§ **Instructions for the task**
For this exercise, copy exactly the lines below from the one with "Согласно критериям соответствия" through the one with "RYU KAGA(リュウカガ" and leave out the pictures.

§ **Available data**
···

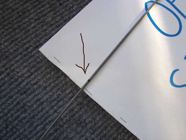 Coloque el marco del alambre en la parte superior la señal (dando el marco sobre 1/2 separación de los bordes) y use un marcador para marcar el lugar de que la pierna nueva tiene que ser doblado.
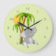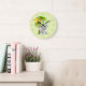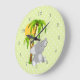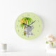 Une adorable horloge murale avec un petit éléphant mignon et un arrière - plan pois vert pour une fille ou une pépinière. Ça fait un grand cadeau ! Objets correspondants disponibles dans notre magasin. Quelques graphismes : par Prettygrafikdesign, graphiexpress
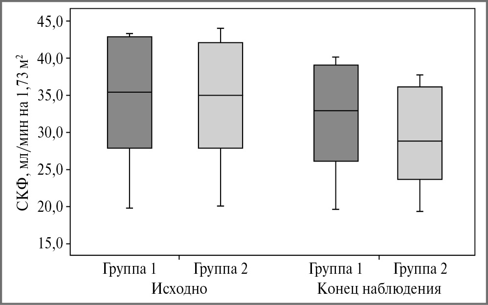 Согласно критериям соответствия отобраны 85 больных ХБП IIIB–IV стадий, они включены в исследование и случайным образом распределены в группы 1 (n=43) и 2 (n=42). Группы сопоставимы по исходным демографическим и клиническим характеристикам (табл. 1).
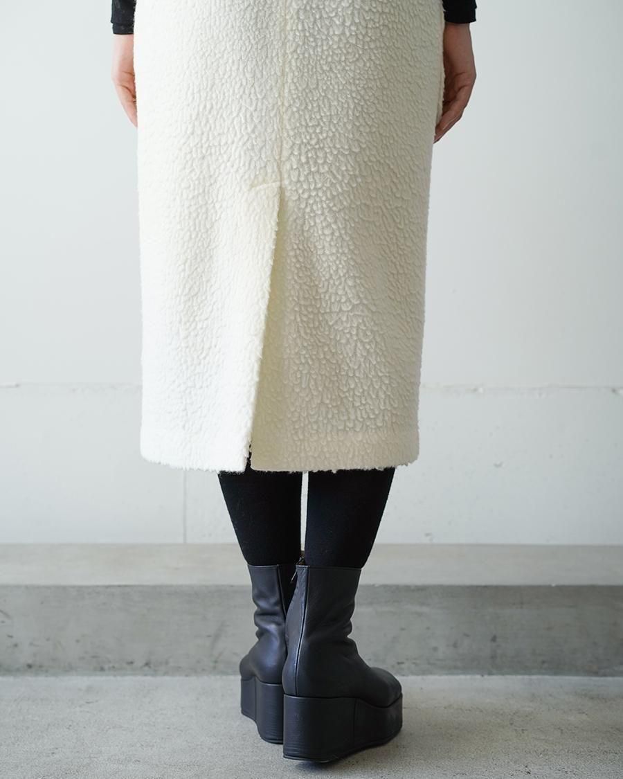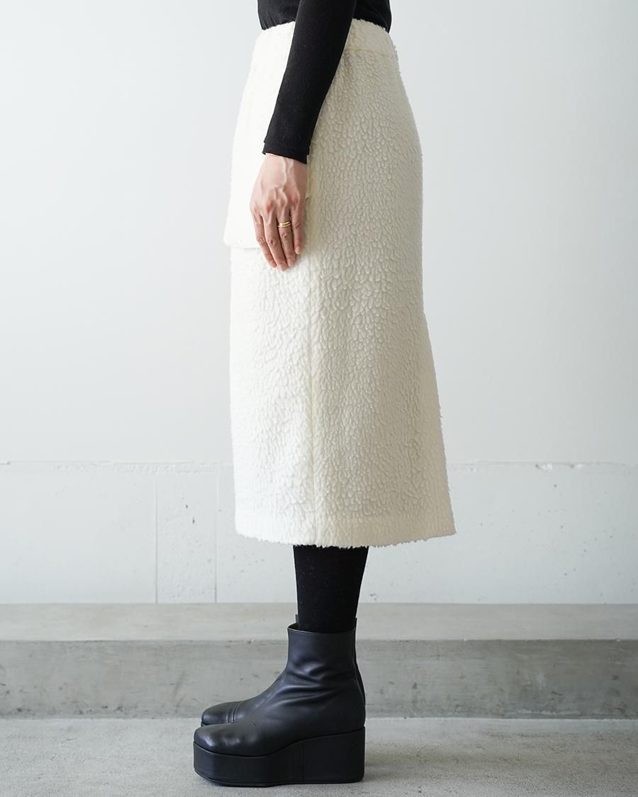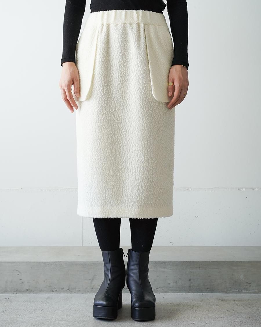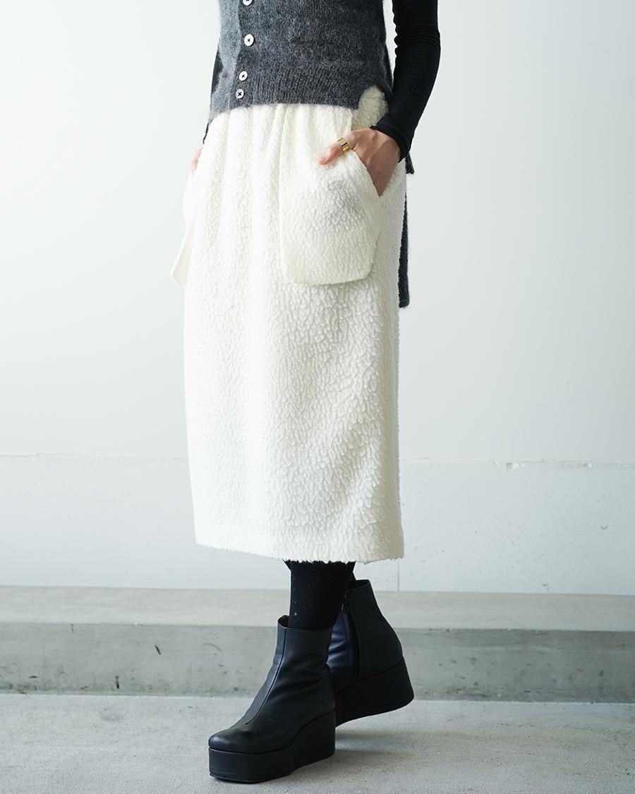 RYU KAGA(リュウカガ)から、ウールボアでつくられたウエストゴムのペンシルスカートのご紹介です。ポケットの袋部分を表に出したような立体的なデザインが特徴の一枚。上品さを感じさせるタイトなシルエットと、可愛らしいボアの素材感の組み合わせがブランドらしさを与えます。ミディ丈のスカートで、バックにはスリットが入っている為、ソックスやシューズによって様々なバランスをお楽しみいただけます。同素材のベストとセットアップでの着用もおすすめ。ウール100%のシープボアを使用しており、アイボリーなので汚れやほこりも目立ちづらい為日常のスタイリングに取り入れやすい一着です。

···

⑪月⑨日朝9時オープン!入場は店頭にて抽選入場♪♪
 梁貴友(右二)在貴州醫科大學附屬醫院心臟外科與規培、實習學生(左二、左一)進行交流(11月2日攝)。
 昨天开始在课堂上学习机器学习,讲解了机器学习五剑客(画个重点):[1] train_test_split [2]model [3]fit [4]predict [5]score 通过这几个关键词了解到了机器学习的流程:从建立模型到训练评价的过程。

···

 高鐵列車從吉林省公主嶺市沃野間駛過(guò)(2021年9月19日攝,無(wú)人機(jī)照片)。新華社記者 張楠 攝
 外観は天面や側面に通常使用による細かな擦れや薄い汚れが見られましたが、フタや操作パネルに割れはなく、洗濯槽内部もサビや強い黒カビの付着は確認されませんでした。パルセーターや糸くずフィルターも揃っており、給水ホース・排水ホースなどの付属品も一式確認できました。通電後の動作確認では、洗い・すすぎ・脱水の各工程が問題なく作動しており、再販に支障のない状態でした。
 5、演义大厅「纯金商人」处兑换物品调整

···

§ **Answer for this exercise**
 Согласно критериям соответствия отобраны 85 больных ХБП IIIB–IV стадий, они включены в исследование и случайным образом распределены в группы 1 (n=43) и 2 (n=42). Группы сопоставимы по исходным демографическим и клиническим характеристикам (табл. 1).
 RYU KAGA(リュウカガ)から、ウールボアでつくられたウエストゴムのペンシルスカートのご紹介です。ポケットの袋部分を表に出したような立体的なデザインが特徴の一枚。上品さを感じさせるタイトなシルエットと、可愛らしいボアの素材感の組み合わせがブランドらしさを与えます。ミディ丈のスカートで、バックにはスリットが入っている為、ソックスやシューズによって様々なバランスをお楽しみいただけます。同素材のベストとセットアップでの着用もおすすめ。ウール100%のシープボアを使用しており、アイボリーなので汚れやほこりも目立ちづらい為日常のスタイリングに取り入れやすい一着です。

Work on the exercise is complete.